:: SUPPLIED DATA ::
┌────────

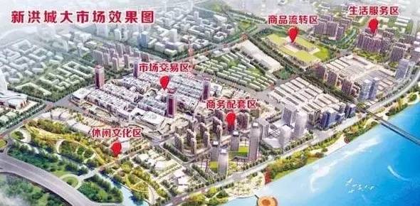 根据规划,新洪城大市场依托地方产业经济发展和城市发展的需要,以主题批发为核心,集赣派文化、创意产业、电子商务、产业集聚、品牌孵化、企业总部、国际贸易、现代流通、休闲娱乐、旅游观光、生活居住等城市服务功能为一体。
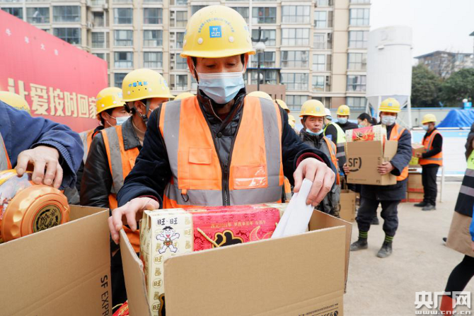 2月4日,陕西省建设工会联合中建五局西北公司为80余名“留陕过年”的工人发放年货,并为有需要的工人免费邮寄回家,年货刚拿到手,廖景文就将东西和信都装进了快递箱,一起寄回了四川南充老家。
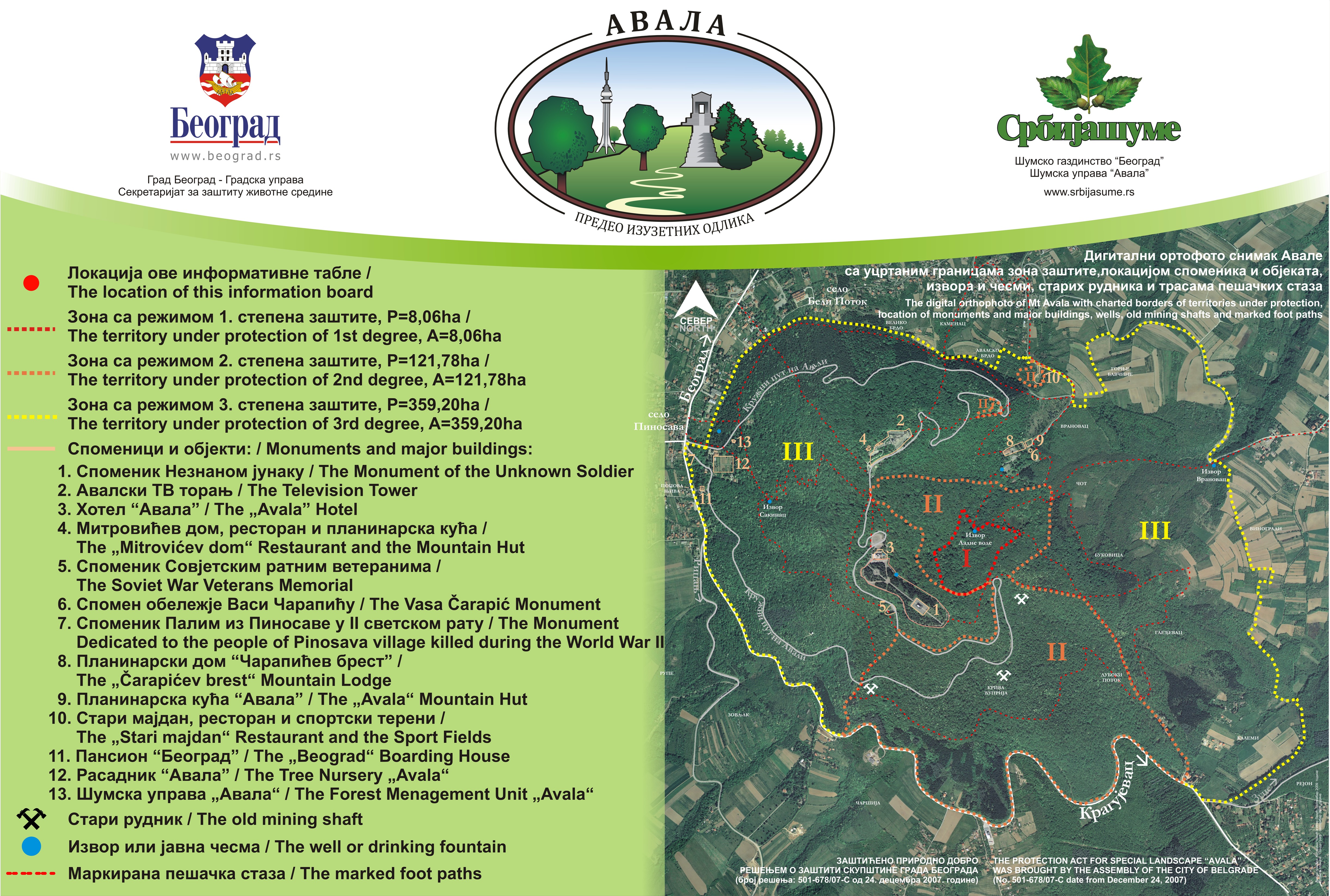 Staza vodi pored Avalskog potoka, te izvora Savinac, jednog od brojnih avalskih izvora, čija je voda nekada služila za proizvodnju piva u Vajfertovim pivarama. Danas nažalost više nije za piće. Atraktivna je i staza koja vodi od vrha Avale do Planinarskog doma Čarapićev brest, na kojoj možete da posetite izvor Ladne vode. Ovaj dom dobio je ime po mestu na kome se nekada nalazilo šest brestova ispod kojih je tadašnji avalski knez Vasa Čarapić pozivao okupljeni narod na ustanak protiv Turaka.
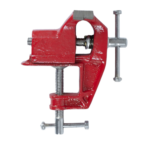 Тиски настольные, предназначены для фиксации мелких заготовок для дальнейшей слесарной обработки, изготовлены из чугуна, рабочие губки из стали твёрдость 45 HRс.
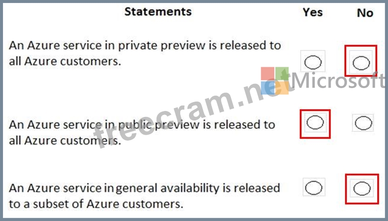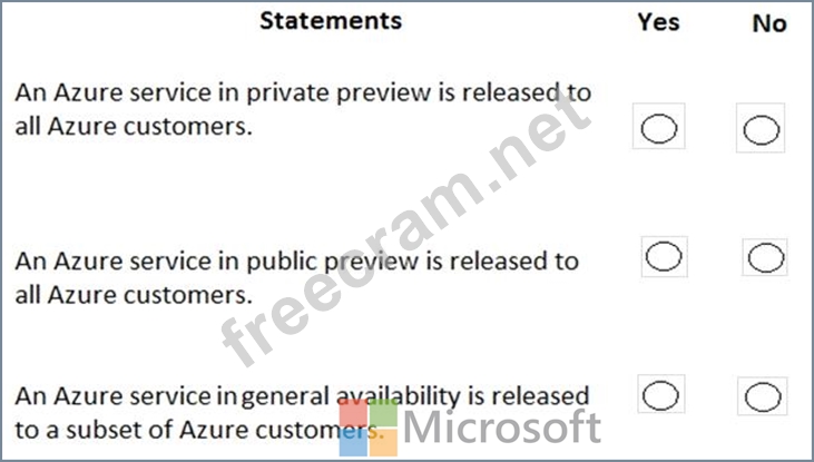 For each of the following statements, select Yes if the statement is true. Otherwise, select No.
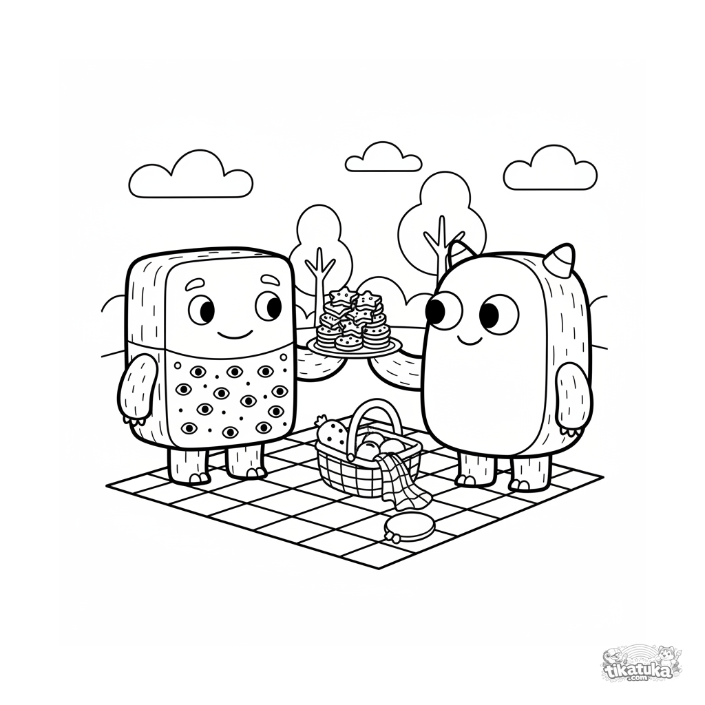 Página para colorear para niños 4-6 años: un monstruo cuadrado con muchos ojos ofrece educadamente un plato de galletas en un picnic monstruoso. Escena sobre amabilidad y golosinas.
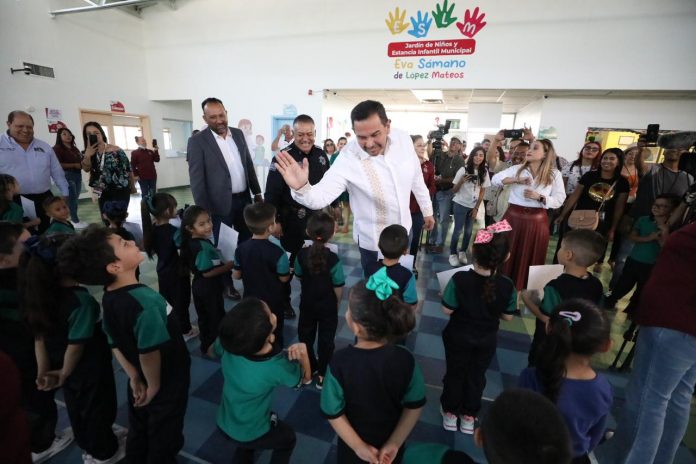 Ciudad Juárez.- Con la remodelación de la fachada principal, mejoramiento de aulas, áreas recreativas con juegos didácticos y otras adecuaciones, el Gobierno Municipal mejoró las instalaciones del Jardín de Niños y Estancia Infantil Eva Sámano de López Mateos.
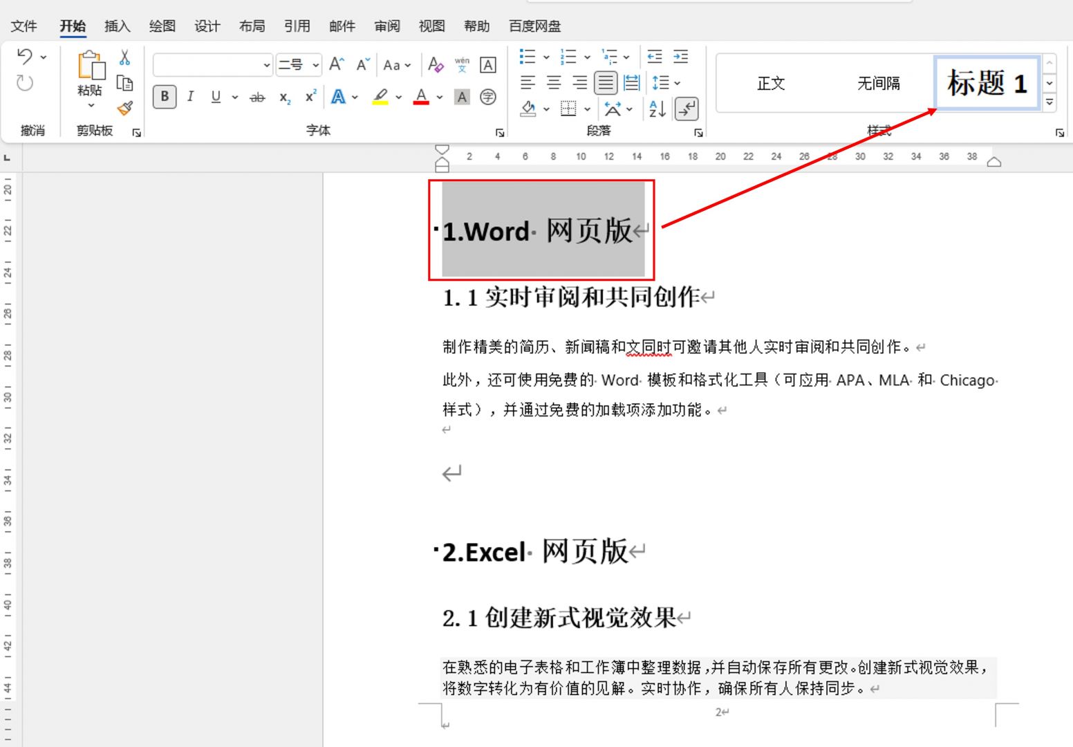 在这种情况下,如图1所示,我们可使用Microsoft 365 word的样式(开始菜单中)功能进行标题的级别设置,将所有一级标题设为标题1,、二级标题设为标题2,依次类推。
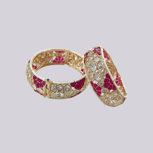 Gold-Plated Kundan Bangles with Pink Enamel Detailing
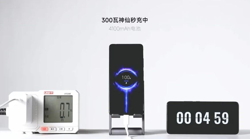 عرضت شركة الهواتف "شاومي" تقنية شحن هواتف محمولة بقوة 300 واط، مع تقليل وقت الشحن إلى أقلّ من 5 دقائق، بذلك تكون تفوّقت على تقنيتها الخاصة (بقوة 210 واط) وعلى شركة "Realme" (240 واط).
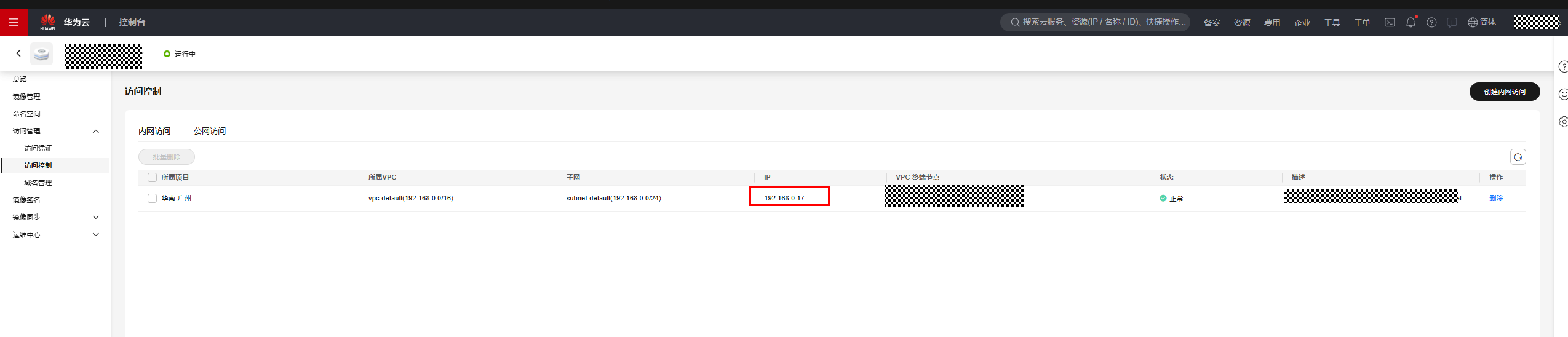 - 依次单击“访问管理->访问控制->内网访问”,找到所属VPC列的值为vpc-default的记录,记录IP列的值。
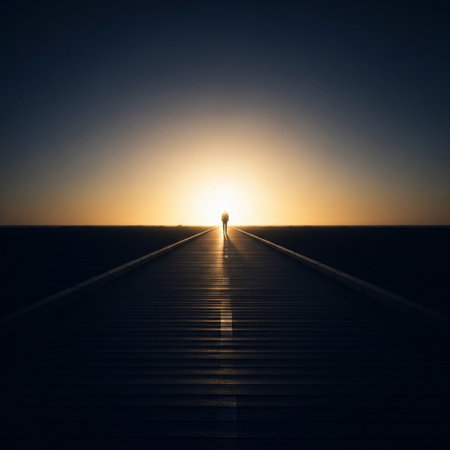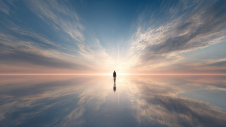 A person looks toward a soft glowing horizon during sunset, surrounded by a reflective surface that enhances the colors of the sky.
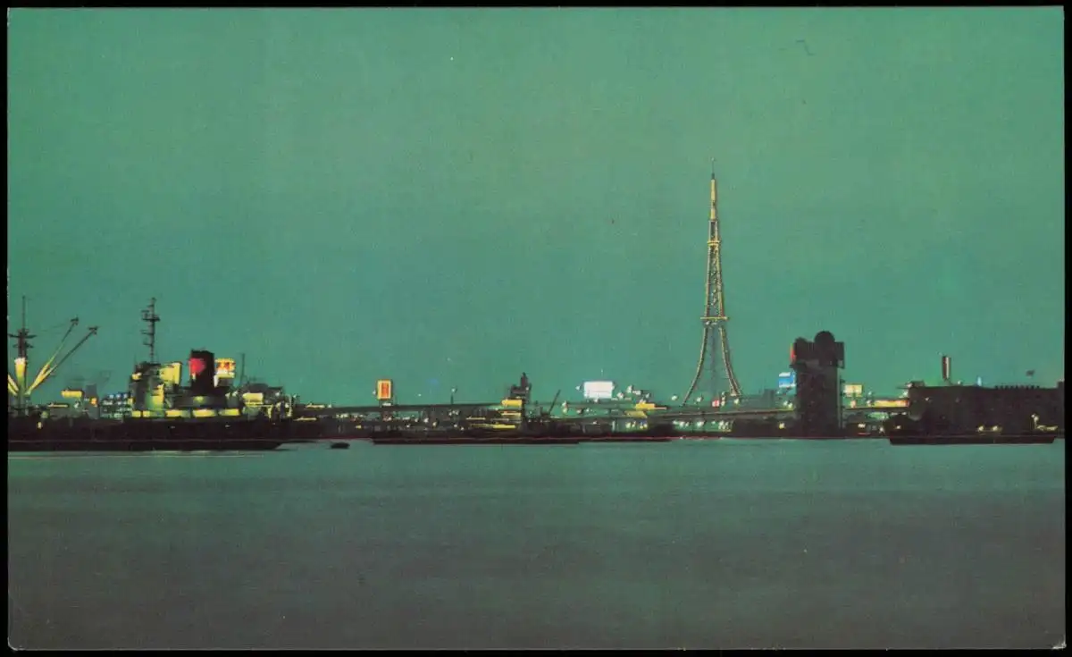 Postcard Tokio Tōkyō (東京) Tokyo Tower as seen from Bay. 1971 Japan Nippon

└────────

:: PROBLEM REQUIREMENTS ::
Repeat, line for line and exactly, the material from its first line through the line that contains "Тиски настольные, предназначены", both ends included; no pictures belong in the copy.

:: REPLY ::
 根据规划,新洪城大市场依托地方产业经济发展和城市发展的需要,以主题批发为核心,集赣派文化、创意产业、电子商务、产业集聚、品牌孵化、企业总部、国际贸易、现代流通、休闲娱乐、旅游观光、生活居住等城市服务功能为一体。
 2月4日,陕西省建设工会联合中建五局西北公司为80余名“留陕过年”的工人发放年货,并为有需要的工人免费邮寄回家,年货刚拿到手,廖景文就将东西和信都装进了快递箱,一起寄回了四川南充老家。
 Staza vodi pored Avalskog potoka, te izvora Savinac, jednog od brojnih avalskih izvora, čija je voda nekada služila za proizvodnju piva u Vajfertovim pivarama. Danas nažalost više nije za piće. Atraktivna je i staza koja vodi od vrha Avale do Planinarskog doma Čarapićev brest, na kojoj možete da posetite izvor Ladne vode. Ovaj dom dobio je ime po mestu na kome se nekada nalazilo šest brestova ispod kojih je tadašnji avalski knez Vasa Čarapić pozivao okupljeni narod na ustanak protiv Turaka.
 Тиски настольные, предназначены для фиксации мелких заготовок для дальнейшей слесарной обработки, изготовлены из чугуна, рабочие губки из стали твёрдость 45 HRс.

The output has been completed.